In some embodiments, the substance contained in the recovered slurry includes at least ammonium salt, and the molar amount of the ammonium salt accounts for more than 50% of the total molar amount of all ammonia substances contained in the recovered slurry based on the amount of amino groups. In other words, the substances contained in the obtained recovered slurry are mainly ammonium salts, the slurry is more stable, and it is not easy to form secondary ammonia escape. In contrast, in the solution of directly absorbing ammonia gas in the prior art, the formed ammonia water is relatively unstable, and it is easy to form secondary ammonia escape.

In some further embodiments, in order to convert ammonia into ammonium salts as much as possible, the absorption liquid used in the wet processing unit 150 may include dilute sulfuric acid, dilute sulfurous acid, and the like. The ammonium salt may specifically include at least one of ammonium sulfate, ammonium hydrogen sulfate, ammonium sulfite, and ammonium hydrogen sulfite, depending on the components of the absorption liquid used.

In some embodiments, in each production cycle, the operating state of the green mill 120 includes an on state and an off state. When the operation state of the raw meal mill 120 is in the open state, heat exchange is performed with the exhaust gas, and when the operation state of the raw meal mill 120 is in the closed state, heat exchange with the exhaust gas is not performed.

In general, when the raw meal mill 120 is in the open state, due to the heat exchange between the exhaust gas and the raw meal, the temperature when it reaches the low-temperature denitration unit 140 is relatively low, and the denitration efficiency of the low-temperature denitration catalyst will be relatively low. When the material mill 120 is in a closed state, since the exhaust gas does not need to exchange heat with the raw meal, and its temperature is high, the denitration efficiency of the low-temperature denitration catalyst will be higher, which will affect the denitration of the entire system.
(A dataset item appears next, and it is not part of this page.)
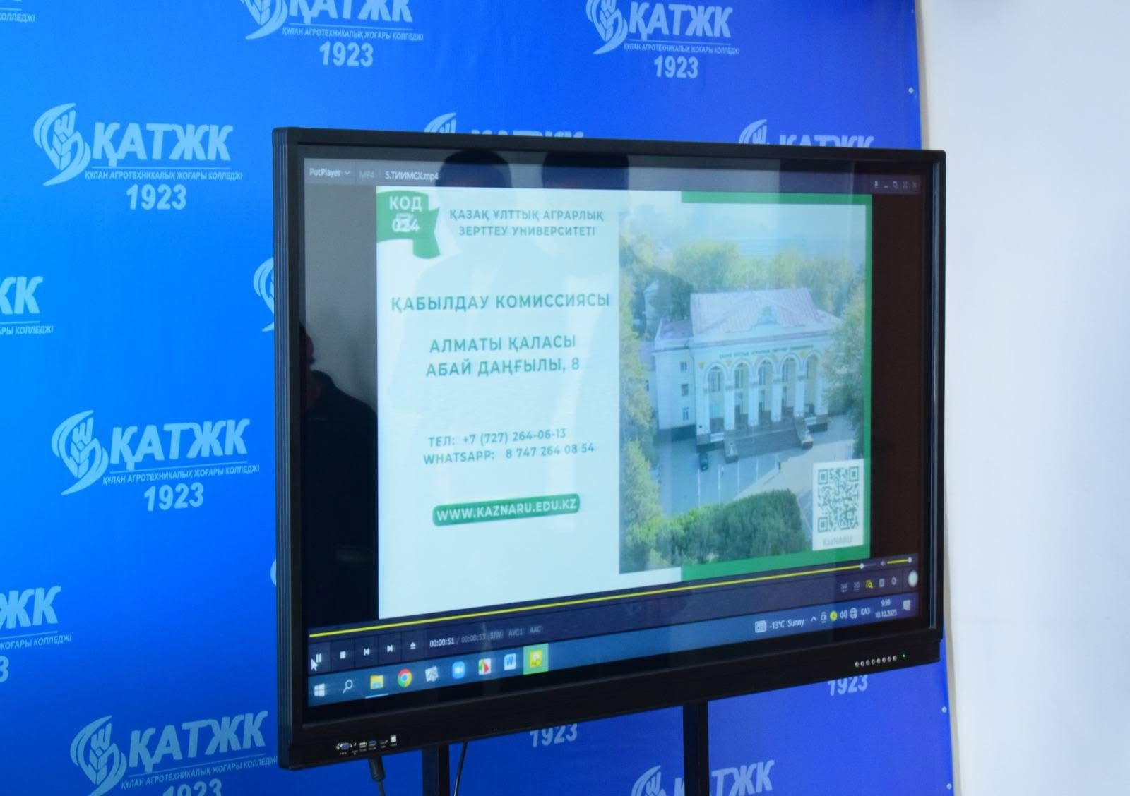 Қазақ ұлттық аграрлық зерттеу университеті “Агрономия, селекция және биотехнология” кафедрасының профессорлары — Жұматаев Марат Ермекбайұлы мен Құланбай Қаламқас Жаңабекқызы, сондай-ақ “Микробиология, вирусология және иммунология” кафедрасының меңгерушісі, PhD доктор Жылқайдар Арман Жетпісбайұлы Жамбыл облысы, Т. Рысқұлов ауданы, Құлан жоғары агро-техникалық колледжінде кәсіби бағдар беру кездесуін өткізді.

Considering the above situation, preset rules for the wet processing unit 150 may be set accordingly to achieve desired effects.

In some embodiments, the preset rule includes that the wet processing unit 150 is turned on regardless of whether the operating state of the raw meal mill 120 is the ON state, that is, whether the raw meal mill 120 is in the ON state or the OFF state, the wet process unit 150 is turned ON. Cells 150 remain on. Correspondingly, the wet processing unit 150 is further configured to remain on regardless of whether the raw mill 120 is in an on state or not, and perform wet absorption on the exhaust gas after selective catalytic reduction and denitrification to obtain recovered slurry. In this way, the absorption of fugitive ammonia can be ensured to the greatest extent on the basis of appropriately increasing the operating cost of the system.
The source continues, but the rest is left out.